Recipe-to-Cart Assistant
Pick a recipe and AI matches every ingredient to real products available on an online grocery store.
Try It Yourself
Search (swipe left or right) for a recipe, browse the ingredient list, and add everything to your cart in one tap. Recipe-to-Cart automatically matches every ingredient to real products on your grocery platform, so you go from recipe idea to ready-to-checkout cart without the back-and-forth.
The Problem
Finding Asian ingredients online is tedious. Recipe ingredients like 'scallions' don't match product names like 'Green Onion 1 bunch.' Users spent 30 minutes manually searching for each ingredient, leading to frustration and abandoned recipes.

What does this mean for a grocery platform?
Creating an open ecosystem that makes the entire internet's recipes shoppable.
External Platform Integration
Before: Users manually create recipes within Weee!
After: AI auto-matches ANY recipe from Instagram, AllRecipes, Reddit → instant shopping
Tap millions of existing recipes vs waiting for user-generated content
AI-Powered Matching
Before: Manual product tagging (time-consuming, inconsistent)
After: AI matching with explanations and alternatives
Faster creation, better quality, consistent experience
Smart Substitutions
Before: Out-of-stock products = abandoned recipes
After: AI suggests contextual replacements ("Use bok choy instead of napa cabbage")
Maintain purchase intent despite inventory gaps
What I Did
My Role
Product Manager + UX/UI Designer + Engineer
Owned every layer solo, from designing the user experience and making product decisions to building the full app with an AI ingredient matching engine.
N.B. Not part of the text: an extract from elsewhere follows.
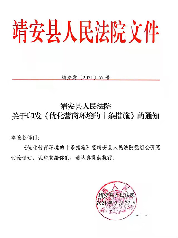 自优化营商环境工作开展以来,靖安法院高度重视、精准发力,通过实施“三个强化”,实现“三个到位”,着力在组织保障、案件办理、服务企业上强措施,全力推进优化营商工作落实落地。今年第一季度,我院民事案件平均审理时间为18.5天,实施类执行案件平均执结时间为10.58天,位列全市第一。

A deliberate challenge to prove I could take a product from concept to working app entirely on my own.
User Journey Flow

How the matching works under the hood
Pre-Filter
Narrow 2,000+ products to top 20 candidates
AI Match
GPT-4o-mini provides best match + alternatives
Smart Cache
Instant retrieval for repeated ingredients
App Screenshots

Clean, minimal recipe view that's easy to scan at a glance.

Add matched ingredients to cart one by one, or add the entire recipe.

AI recommends the best product match, with the option to search manually.

AI explains exactly why it's the right choice for the dish.
Results & Impact
Successfully deployed on Vercel with comprehensive documentation, ready to scale.
What I Learned
- •Building with AI gave me a new appreciation for my own work as a PM. I had written PRDs and led planning before, so I thought I understood why they mattered. But building this project myself made me feel it from the other side. When the tool interprets your intent and fills in the gaps on its own, a vague direction gets built out quickly in the wrong way.
- •Responsible AI design is also about earning trust. Building this while taking Human-AI Interaction at CMU meant learning and applying at the same time. It made clear how leveraging AI's capability and deliberately designing for trust have to go hand in hand, so that both the builder and the user can have real confidence in the product.
- •Working with AI made me a more curious product manager. Getting into the algorithm behind the matching experience revealed how much the structure of a solution shapes the quality of the user experience. That felt like a new layer of product thinking, and one worth keep building on.